TASK TO COMPLETE: Transcribe the entries below word for word, beginning at the line with "Fusing iron into" and stopping after the line with "pieces of halwa"; drop all pictures.

EXTRACTED DATA:
● ● ●

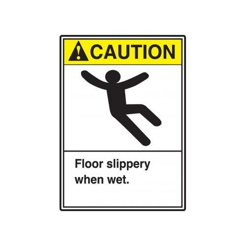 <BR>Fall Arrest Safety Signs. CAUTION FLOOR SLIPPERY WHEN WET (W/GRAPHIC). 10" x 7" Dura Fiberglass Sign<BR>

● ● ●

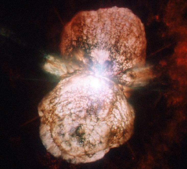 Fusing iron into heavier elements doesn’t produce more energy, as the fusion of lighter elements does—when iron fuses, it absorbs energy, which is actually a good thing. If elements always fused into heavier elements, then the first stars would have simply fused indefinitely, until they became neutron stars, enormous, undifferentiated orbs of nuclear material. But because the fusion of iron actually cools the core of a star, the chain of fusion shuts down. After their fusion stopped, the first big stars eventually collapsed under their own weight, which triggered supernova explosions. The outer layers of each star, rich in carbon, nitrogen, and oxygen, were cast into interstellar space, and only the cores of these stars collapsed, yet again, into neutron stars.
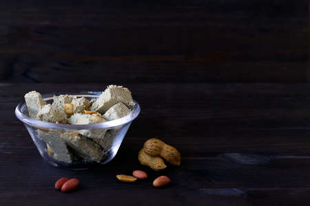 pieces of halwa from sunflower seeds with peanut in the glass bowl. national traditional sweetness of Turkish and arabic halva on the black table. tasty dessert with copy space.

● ● ●

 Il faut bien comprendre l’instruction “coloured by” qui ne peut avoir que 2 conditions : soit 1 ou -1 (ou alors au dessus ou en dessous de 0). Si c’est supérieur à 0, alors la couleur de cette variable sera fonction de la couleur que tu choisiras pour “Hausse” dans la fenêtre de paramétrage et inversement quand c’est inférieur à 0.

● ● ●

ANSWER:
 Fusing iron into heavier elements doesn’t produce more energy, as the fusion of lighter elements does—when iron fuses, it absorbs energy, which is actually a good thing. If elements always fused into heavier elements, then the first stars would have simply fused indefinitely, until they became neutron stars, enormous, undifferentiated orbs of nuclear material. But because the fusion of iron actually cools the core of a star, the chain of fusion shuts down. After their fusion stopped, the first big stars eventually collapsed under their own weight, which triggered supernova explosions. The outer layers of each star, rich in carbon, nitrogen, and oxygen, were cast into interstellar space, and only the cores of these stars collapsed, yet again, into neutron stars.
 pieces of halwa from sunflower seeds with peanut in the glass bowl. national traditional sweetness of Turkish and arabic halva on the black table. tasty dessert with copy space.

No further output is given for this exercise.